A rather significant and vocal number of you wrote in support of what is called “the Fair Tax,” which is basically a national sales tax, suggesting it is a better alternative than a value-added tax (VAT). I should note that there are 70 members of Congress who have cosponsored a Fair Tax bill, so this is not outside the realm of possibility. It also speaks to the possibility of a tax on consumption being politically feasible, which I will again address later.

I am going to use a longer, well-written reply from Roger Buchholtz of Kalamazoo, Michigan. I will only interrupt him a few times with a reply in brackets […] and then add a longer reply at the end. Roger wrote:

“Dear Mr. Mauldin,

“I just finished reading your article “The Cancer of Debt and Deficits” and agreed with your conclusion that it is time for radical tax reform.

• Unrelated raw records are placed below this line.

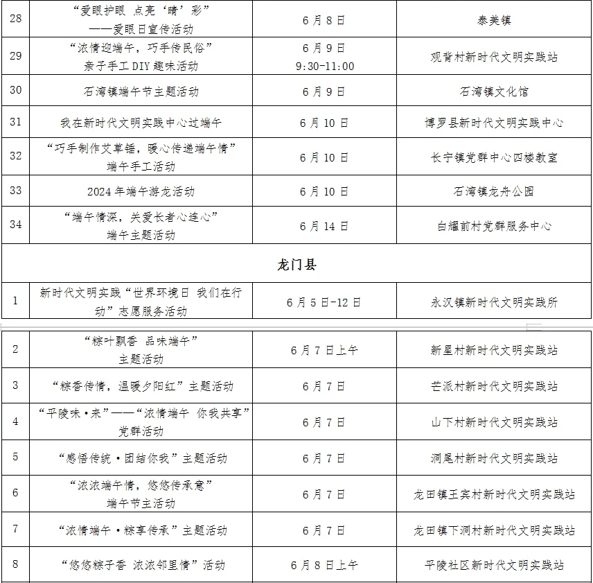 惠州日報訊 (記者譚琳 龔妍)端午期間,我市將舉辦“惠聚美好”新時代文明實踐活動——2024年“我們的節日·端午”主題活動,159項文明實踐活動將讓你的假期生活更加豐富多彩。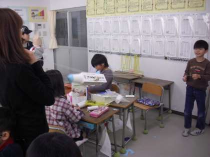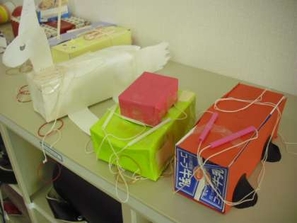 2年生の図画工作科の授業の様子です。2本の糸でスイスイ動く乗り物を作っているところです。牛乳パック等をボディにし、ストローと糸を使って動くしかけを作ります。田二人組になり、糸を操作すると作品がスイスイと動き出すと子どもたちも喜んでいました。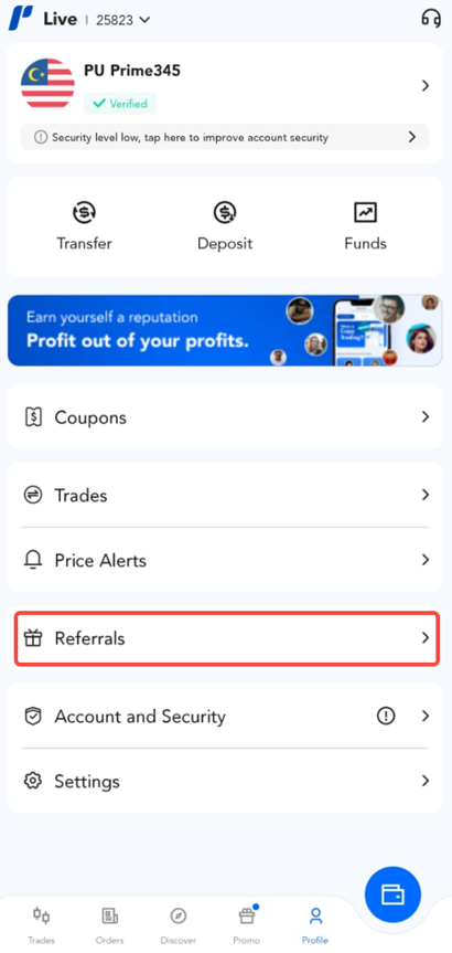 Help Center | PU Prime | More Than Trading Aplicativo PU Prime? Consulta sobre a APP da PU Prime Como indicar um amigo no aplicativo PU Prime? 1. Clique no botão "Perfil". 2. Clique no botão "Referências". 3. Clique em "Convidar Amigos Agora". 4. Copie e partilhe o seu código de referência ou código QR.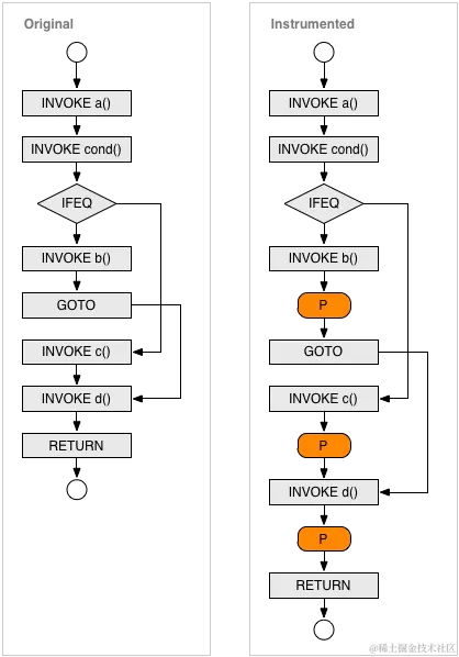 当我们要统计代码覆盖率的时候,就需要在代码的执行路径上加入探针分析。通常是在读取类的时候,在关键的指令块的出口与入口增加标记。当指令块被执行后,就会命中探针并完成记录。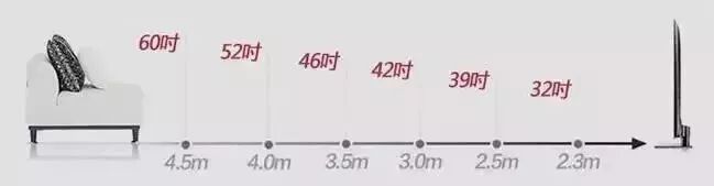 ③ 沙发与电视间的距离:至少需要1300mm,建议在1700mm以上,太近会影响视线。如果客厅面积太大,沙发和电视的距离超过了1.3M,电视应该选多大呢?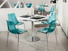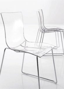 - Plast. Kombinace plastových sedadel a kovových nohou v nábytku je obzvláště praktická a nejčastější v těchto výrobcích pro kuchyni. Takové materiály se snadno ošetřují, nebojí se vlhkosti a vysokých teplot. Špičková technologie umožňuje poskytnout plastu nejneobvyklejší konfiguraci ohybu. Potěšen různými barvami a plastovými sedadly. To je vhodná volba nejen pro byt, ale také pro otevřenou terasu domu mimo město, stejně jako pro letní kavárnu. Jedním typem plastu je polykarbonát. Výrobky z ní se v poslední době stávají stále více populárnějšími.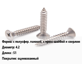 Саморез с полусфер. головой, с пресс-шайбой и сверлом D=4.2 L=51 оцинкованный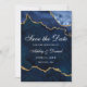 Cartão de Save the Date de Mármore Azul Água-marinha e Dourado Elegante e Moderno de Geodo de Ágata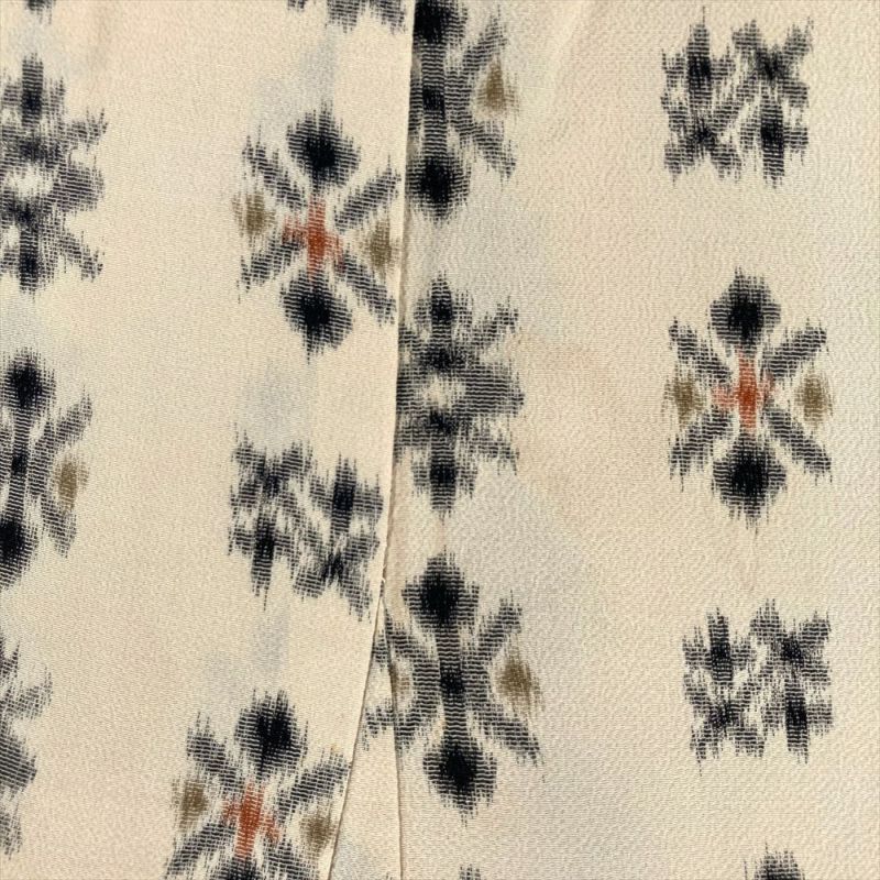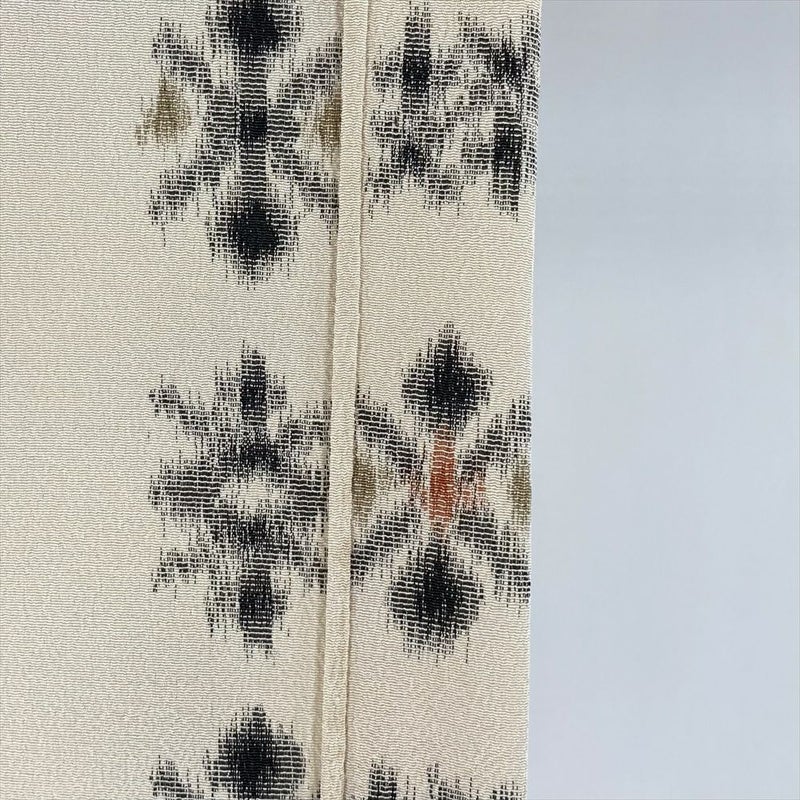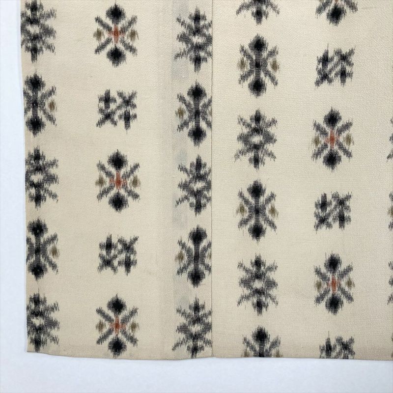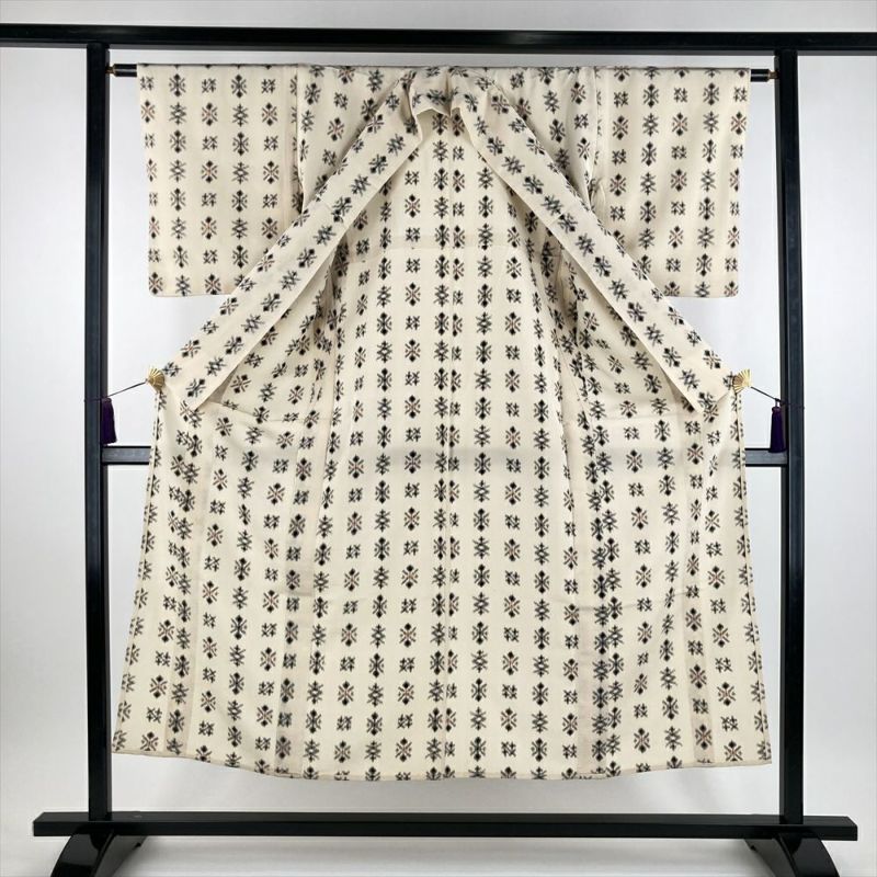 (中古) 単衣紬 生成り色 カジュアル 織り シボ 幾何学柄 ひとえ SS【身丈】144cm【裄丈】62.5cm

Actually, what was radical was the adoption of the 16th Amendment in 1913, after our Founding Fathers had twice prohibited it in the Constitution.

“I am delighted to see that you recognize that consumption taxes are less damaging to an economy than income taxes. Income taxes tax productive behavior (work, saving, investing, etc.), thereby reducing the return/reward for that behavior. They, in essence, punish people when they are contributing to society.

“As you have apparently concluded, a simple, Flat Income Tax is not the answer. I agree, because it will remain neither for very long. It will just allow all the tax favors to be bought and sold all over again, which will exacerbate today’s corruption of our representative form of government to the point that our representatives too often represent special interests rather than their constituents. [I am not opposed to a flat tax, as I will address below.]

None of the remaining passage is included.